What you are asked to do: Nothing but the lines below from the one that contains "GG Multicolor系列 男女同款浅蓝色和蓝色GG帆布GG钻石图案腰包‎6586572UZAN4487" through the one that contains "Brother HL-3040CN —" should be retyped, exactly and including both ends. Do not include pictures.

Excerpted records:
- Opening Delimiter -
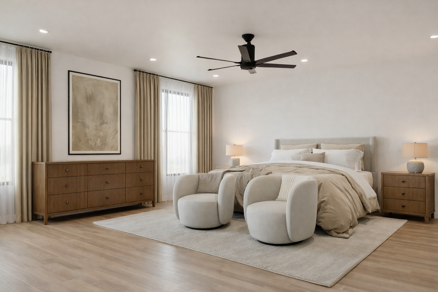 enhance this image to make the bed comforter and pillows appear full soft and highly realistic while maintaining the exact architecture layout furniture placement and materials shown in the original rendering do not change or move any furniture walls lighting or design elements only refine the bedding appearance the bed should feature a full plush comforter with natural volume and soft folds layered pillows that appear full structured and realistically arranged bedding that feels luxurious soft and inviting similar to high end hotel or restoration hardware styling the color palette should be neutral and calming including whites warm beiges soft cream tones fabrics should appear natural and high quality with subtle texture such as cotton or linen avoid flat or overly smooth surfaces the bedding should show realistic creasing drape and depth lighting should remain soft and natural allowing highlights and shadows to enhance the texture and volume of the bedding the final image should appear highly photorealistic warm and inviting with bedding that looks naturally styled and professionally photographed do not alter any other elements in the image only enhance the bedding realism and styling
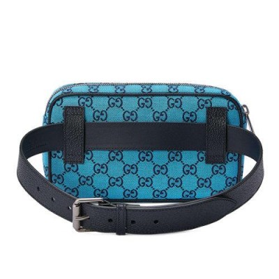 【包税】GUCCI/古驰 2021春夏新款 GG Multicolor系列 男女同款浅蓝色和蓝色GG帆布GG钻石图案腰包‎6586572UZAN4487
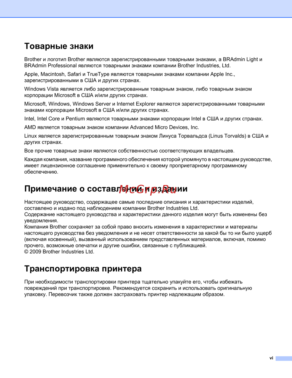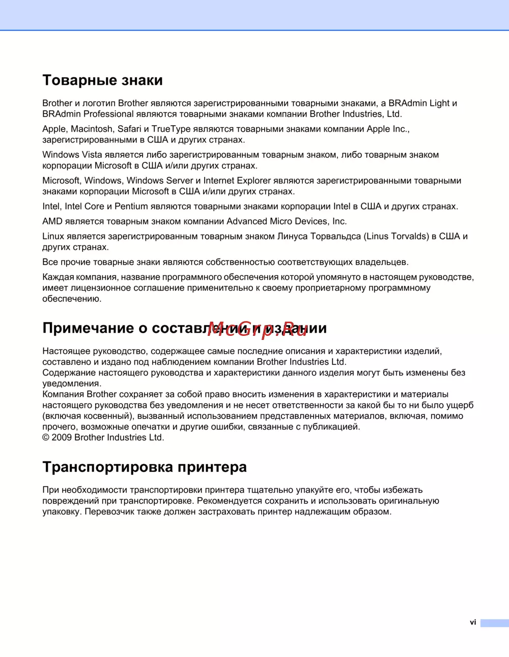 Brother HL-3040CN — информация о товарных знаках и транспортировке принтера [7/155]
- Closing Delimiter -
- Opening Delimiter -
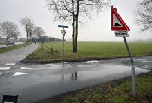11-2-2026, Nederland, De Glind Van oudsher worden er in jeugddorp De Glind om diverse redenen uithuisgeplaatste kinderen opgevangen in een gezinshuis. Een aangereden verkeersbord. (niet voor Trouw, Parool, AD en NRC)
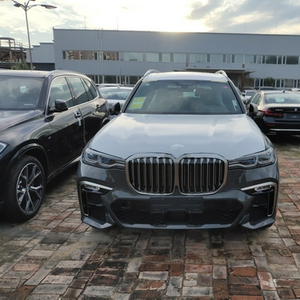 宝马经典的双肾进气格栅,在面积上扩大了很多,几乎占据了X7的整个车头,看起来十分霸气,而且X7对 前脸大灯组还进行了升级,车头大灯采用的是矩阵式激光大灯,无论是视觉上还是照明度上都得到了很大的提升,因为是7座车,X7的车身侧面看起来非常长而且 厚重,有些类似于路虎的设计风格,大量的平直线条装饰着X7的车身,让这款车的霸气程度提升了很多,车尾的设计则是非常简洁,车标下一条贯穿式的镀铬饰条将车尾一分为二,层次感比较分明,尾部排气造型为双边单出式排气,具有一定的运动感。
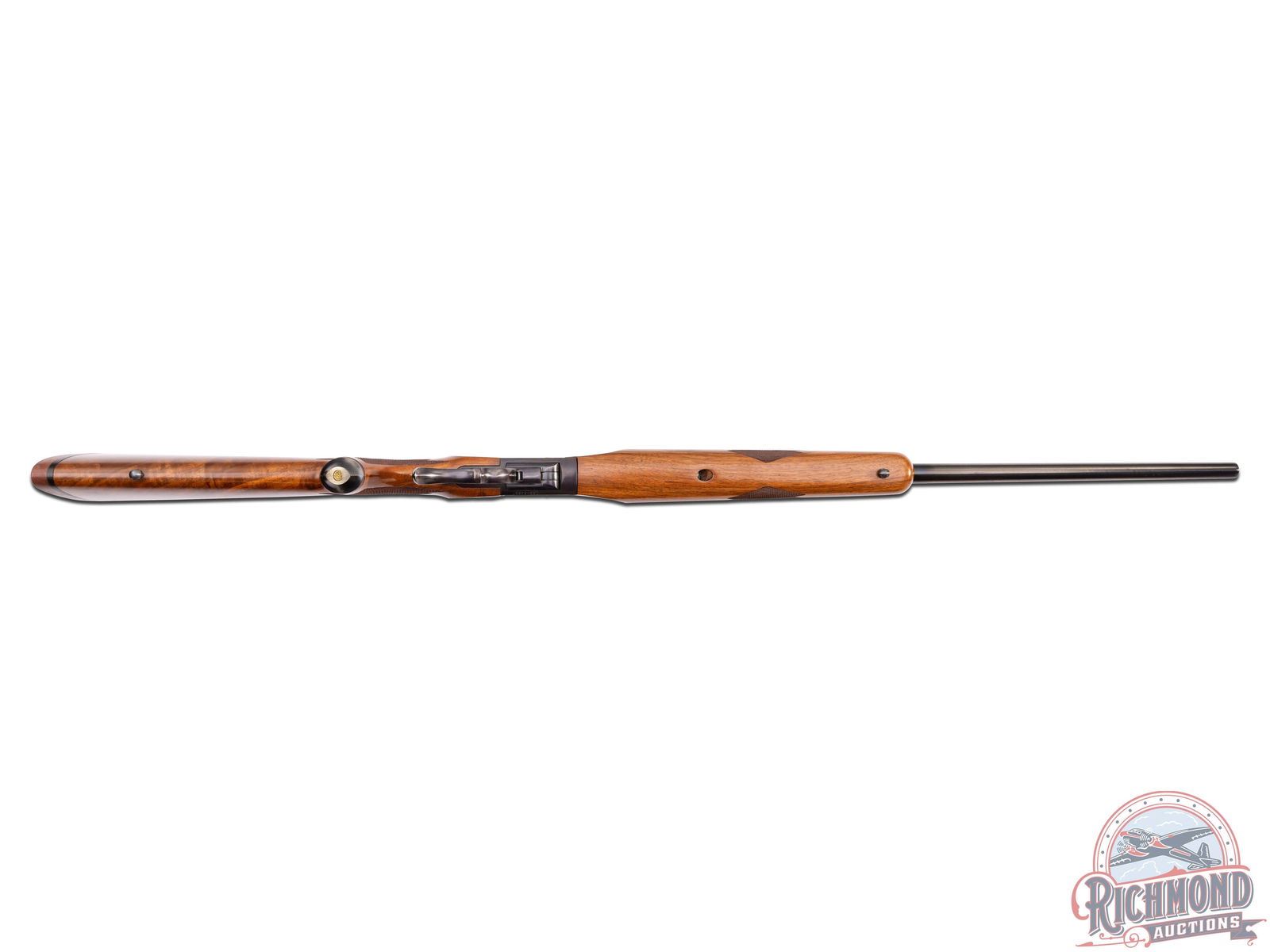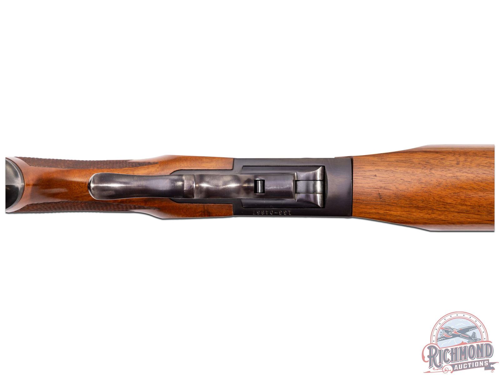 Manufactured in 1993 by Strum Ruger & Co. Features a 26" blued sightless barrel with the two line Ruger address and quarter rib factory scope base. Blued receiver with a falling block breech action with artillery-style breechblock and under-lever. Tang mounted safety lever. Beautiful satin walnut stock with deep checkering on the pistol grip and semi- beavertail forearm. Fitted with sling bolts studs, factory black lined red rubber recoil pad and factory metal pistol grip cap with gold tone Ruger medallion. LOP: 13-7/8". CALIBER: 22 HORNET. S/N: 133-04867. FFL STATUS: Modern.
- Closing Delimiter -
Expected answer:
 【包税】GUCCI/古驰 2021春夏新款 GG Multicolor系列 男女同款浅蓝色和蓝色GG帆布GG钻石图案腰包‎6586572UZAN4487
 Brother HL-3040CN — информация о товарных знаках и транспортировке принтера [7/155]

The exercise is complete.